The music on Nuit Blanche by the Tarkovsky Quartet, Gary says, ‘is a heady blend of classical, jazz, cabaret and more, and it’s all very cinematic.’ That’s fitting, he adds, because the quartet is named for Russian filmmaker Andrei Tarkovsky.

Robert has some comments on another group whose music is a blend of — well, let him describe it: ‘The German pop scene has got to be the one to watch. I’ve run across albums from Nubian drummers and medieval electro-pop duos who are big in the Berlin club scene, and now I’m listening to Corvus Corax, a group of street minstrels originally from East Germany who do a heady mix of medieval and contemporary world-beat/rock music.”

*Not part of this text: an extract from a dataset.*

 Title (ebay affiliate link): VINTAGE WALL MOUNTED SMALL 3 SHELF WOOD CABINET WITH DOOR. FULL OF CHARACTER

In keeping with our sort-of theme, Robert comments on another volume in the monumental series Gamelan of Central Java. This is Volume XIV: Ritual Sounds of Sekaten: ‘Ritual Sounds of Sekaten is a pendant to Volume II in the series Gamelan of Central Java, presenting three more examples of the music played for the Islamic religious festival of Sekaten in Java. The first two tracks are the same piece filtered through the performance traditions of Yogyakarta and Surakarta, the two main centers of classical Javanese music.’


Word comes from our friends at Hearth PR that The Transatlantic Sessions tour will be part of the 30th anniversary MerleFest in April. If you don’t know what The Transatlantic Sessions or MerleFest are, Gary has more about it here.


Our coda today is from a young musician I ran across recently who’s really quite fascinating. Someone said his voice sounds like a pint of whiskey ate a pack of Marlboros. And he looks like he might be all of seventeen. This is from the soundtrack of the film Hell or High Water; the song itself is titled Sleeping on the Blacktop; and the artist is Colter Wall. You can watch him perform it here.

About Diverse Voices

Diverse Voices is our catch-all for writers and other staffers who did but a few reviews or other writings for us. They are credited at the beginning of the actual writing if we know who they are which we don’t always.

It also includes material by writers that first appeared in the Sleeping Hedgehog, our in-house newsletter for staff and readers here. Some material is drawn from Folk Tales, Mostly Folk and Roots & Branches, three other publications we’ve done down the years.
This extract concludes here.